§ Data segment

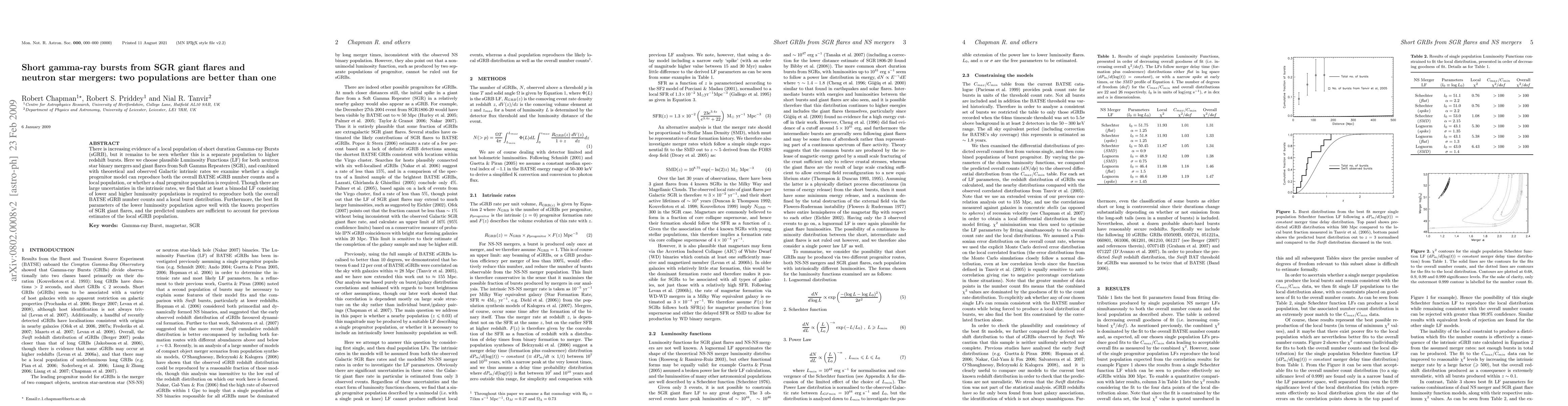 There is increasing evidence of a local population of short duration Gamma-ray Bursts (sGRB), but it remains to be seen whether this is a separate population to higher redshift bursts. Here we choose plausible Luminosity Functions (LF) for both neutron star binary mergers and giant flares from Soft Gamma Repeaters (SGR), and combined with theoretical and observed Galactic intrinsic rates we examine whether a single progenitor model can reproduce both the overall BATSE sGRB number counts and a local population, or whether a dual progenitor population is required. Though there are large uncertainties in the intrinsic rates, we find that at least a bimodal LF consisting of lower and higher luminosity populations is required to reproduce both the overall BATSE sGRB number counts and a local burst distribution. Furthermore, the best fit parameters of the lower luminosity population agree well with the known properties of SGR giant flares, and the predicted numbers are sufficient to account for previous estimates of the local sGRB population.
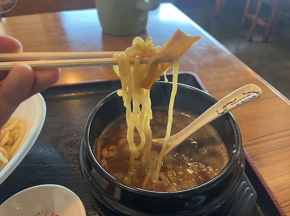 器のつけ汁がグツグツに沸騰してます。
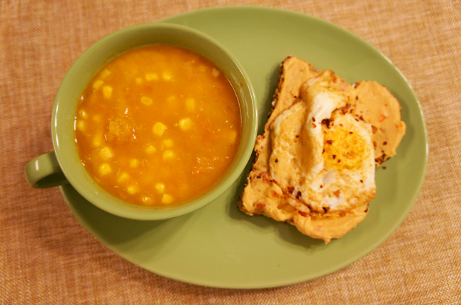 그래서 따뜻한 호박수프와 토스트로 한 끼 해결.

§ What is required
What belongs in the answer is each line above, reproduced exactly, and no picture.

§ Solved exercise
 There is increasing evidence of a local population of short duration Gamma-ray Bursts (sGRB), but it remains to be seen whether this is a separate population to higher redshift bursts. Here we choose plausible Luminosity Functions (LF) for both neutron star binary mergers and giant flares from Soft Gamma Repeaters (SGR), and combined with theoretical and observed Galactic intrinsic rates we examine whether a single progenitor model can reproduce both the overall BATSE sGRB number counts and a local population, or whether a dual progenitor population is required. Though there are large uncertainties in the intrinsic rates, we find that at least a bimodal LF consisting of lower and higher luminosity populations is required to reproduce both the overall BATSE sGRB number counts and a local burst distribution. Furthermore, the best fit parameters of the lower luminosity population agree well with the known properties of SGR giant flares, and the predicted numbers are sufficient to account for previous estimates of the local sGRB population.
 器のつけ汁がグツグツに沸騰してます。
 그래서 따뜻한 호박수프와 토스트로 한 끼 해결.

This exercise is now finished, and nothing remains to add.